*Bounty: 50*

*Bounty: 50*

**Motivation**

The most common model for a random graph is the Erdős–Rényi model. However, it does not guarantee the connectedness of the graph. Instead, let’s consider the following algorithm (in python-style pseudocode) for generating a random connected graph with $n$ nodes:

```
g = empty graph
g.add_nodes_from(range(n))
while not g.is_connected:
i, j = random combination of two (distinct) nodes in range(n)
if {i, j} not in g.edges:
g.add_edge(i, j)
return g
```

The graph generated this way is guaranteed to be connected. Now, my intuition tells me that its expected number of edges is of the order $ O(n log n) $, and I want to test my hypothesis in Python. I don’t intend to do a rigorous mathematical proof or a comprehensive statistical inference, just some basic graph plotting.

**The Codes**

In order to know whether a graph is connected, we need a partition structure (i.e. union-find). I first wrote a `Partition`

class in the module `partition.py`

. It uses path compression and union by weights:

```
# partition.py
class Partition:
"""Implement a partition of a set of items to disjoint subsets (groups) as
a forest of trees, in which each tree represents a separate group.
Two trees represent the same group if and only if they have the same root.
Support union operation of two groups.
"""
def __init__(self, items):
items = list(items)
# parents of every node in the forest
self._parents = {item: item for item in items}
# the sizes of the subtrees
self._weights = {item: 1 for item in items}
def __len__(self):
return len(self._parents)
def __contains__(self, item):
return item in self._parents
def __iter__(self):
yield from self._parents
def find(self, item):
"""Return the root of the group containing the given item.
Also reset the parents of all nodes along the path to the root.
"""
if self._parents[item] == item:
return item
else:
# find the root and recursively set all parents to it
root = self.find(self._parents[item])
self._parents[item] = root
return root
def union(self, item1, item2):
"""Merge the two groups (if they are disjoint) containing
the two given items.
"""
root1 = self.find(item1)
root2 = self.find(item2)
if root1 != root2:
if self._weights[root1] < self._weights[root2]:
# swap two roots so that root1 becomes heavier
root1, root2 = root2, root1
# root1 is heavier, reset parent of root2 to root1
# also update the weight of the tree at root1
self._parents[root2] = root1
self._weights[root1] += self._weights[root2]
@property
def is_single_group(self):
"""Return true if all items are contained in a single group."""
# we just need one item, any item is ok
item = next(iter(self))
# group size is the weight of the root
group_size = self._weights[self.find(item)]
return group_size == len(self)
```

Next, since we are only interested in the number of edges, we don’t actually need to explicitly construct any graph object.
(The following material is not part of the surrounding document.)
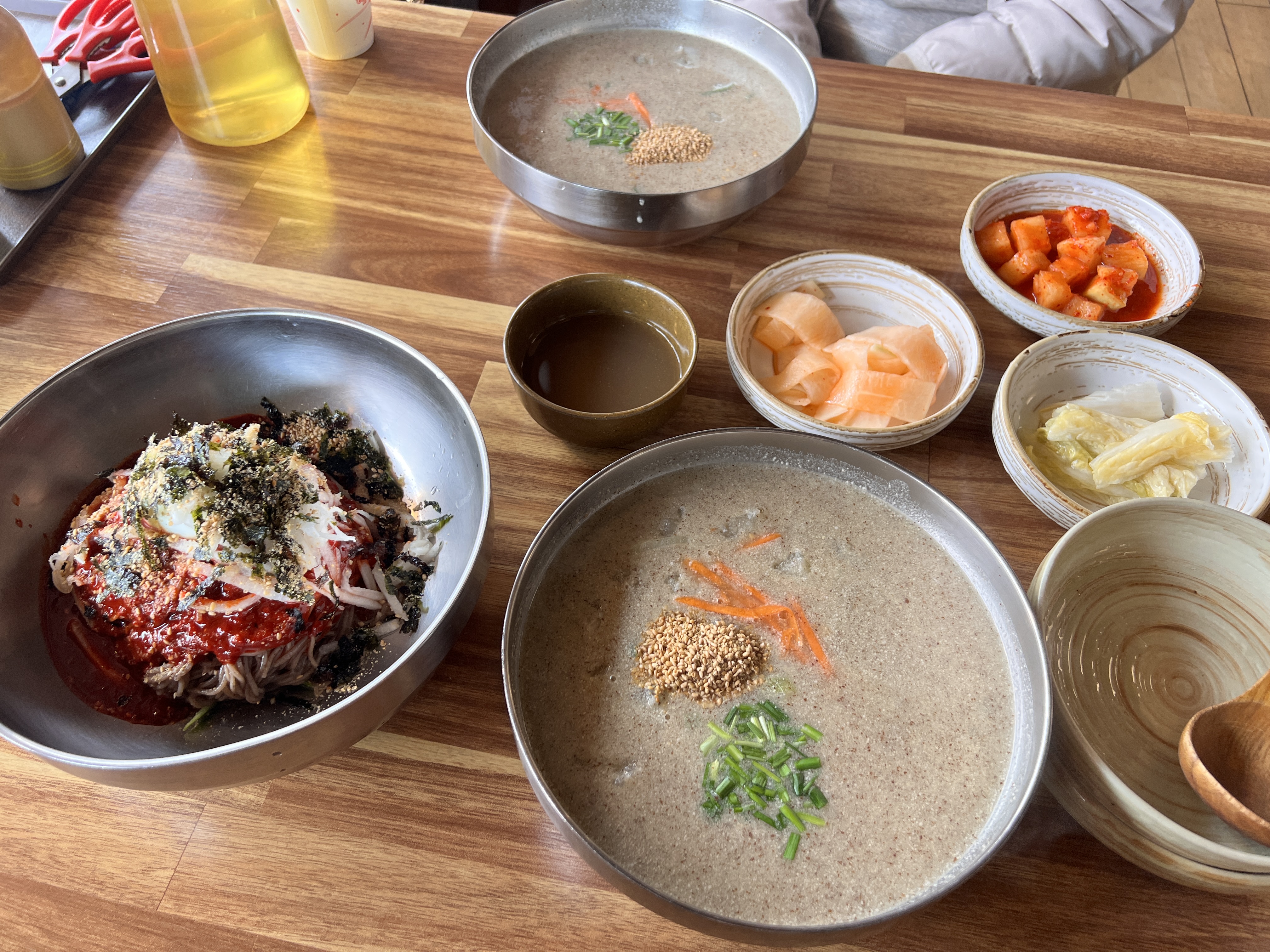 메뉴는 메밀의 매력을 제대로 느낄 수 있는 음식들로 꽉 차 있었습니다. 물막국수, 비빔막국수는 기본이고, 명태식해막국수, 들깨 옹심이, 메밀전병 등 개성 넘치는 메뉴들도 있었습니다. 무엇을 먹을지 고민되신다면 물 1, 비빔 1, 그리고 따뜻한 메뉴인 들깨 옹심이를 함께 시키는 걸 추천합니다! 전병 같은 사이드 메뉴도 정말 인기라 다들 꼭 하나씩은 시키는 모습을 볼 수 있었습니다. 그리고 메뉴 주문은 테이블마다 비치된 태블릿으로 할 수 있어 사용자 경험도 편리했습니다.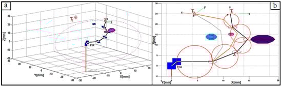 Optimal mid and virtual points are needed to achieve a stable and collision-free point-to-point motion. Collision is analyzed in Figure 5a using a unique rotation axis of the robot’s links in the workspace. The internal organs in the human body are taken as obstacles during MIS procedures. In this study, polyhedral objects are generated in the robot’s workspace, as shown in the 3D view. Since the robot’s last four links have a unique operational plane whose orientation depends on the respective offset and angle of each of the first two links, during each stepwise movement, only a polygonal area of the polyhedral obstacles that falls onto the operational plane is required for collision detection. While the via-points of a desired trajectory are sequentially set as input for motion planning and control, the probability of collision () between lth link of the robot’s with any kth obstacle in the workspace is determined using Equation (25). In the analytical method, it is assumed that each link and each obstacle in a manipulable area of the robot’s workspace are circumscribed in unique circles along a rotation axis of the lth link, where , and are independent radiuses of the links and obstacles in the workspace, respectively.

The following function implicitly generates a random connected graph and return its number of edges:

```
import random
from partition import Partition
def connected_edge_count(n):
"""Implicitly generate a random connected graph and return its number of edges."""
edges = set()
forest = Partition(range(n))
# each time we join two nodes we merge the two groups containing them
# the graph is connected iff the forest of nodes form a single group
while not forest.is_single_group:
start = random.randrange(n)
end = random.randrange(n)
# we don't bother to check whether the edge already exists
if start != end:
forest.union(start, end)
edge = frozenset({start, end})
edges.add(edge)
return len(edges)
```

We then estimate the expected number of edges for a given $n$:

```
def mean_edge_count(n, sample_size):
"""Compute the sample mean of numbers of edges in a sample of
random connected graphs with n nodes.
"""
total = sum(connected_edge_count(n) for _ in range(sample_size))
return total / sample_size
```

Now, we can plot the expected numbers of edges against $ n log n $ for different values of $n$:

```
from math import log
import matplotlib.pyplot as plt
def plt_mean_vs_nlogn(nlist, sample_size):
"""Plot the expected numbers of edges against n * log(n) for
a given list of values of n, where n is the number of nodes.
"""
x_values = [n * log(n) for n in nlist]
y_values = [mean_edge_count(n, sample_size) for n in nlist]
plt.plot(x_values, y_values, '.')
```

Finally, when we called `plt_mean_vs_nlogn(range(10, 1001, 10), sample_size=100)`

, we got:

The plot seems very close to a straight line, supporting my hypothesis.

**Questions and ideas for future work**

- My program is slow! It took me 90 seconds to run
`plt_mean_vs_nlogn(range(10, 1001, 10), sample_size=100)`

. How can I improve the performance? - What other improvement can I make on my codes?
- An idea for future work: do a linear regression on the data. A high coefficient of determination would support my hypothesis. Also find out the coefficient of $ n log n $.
- Any other idea for testing my hypothesis programmatically?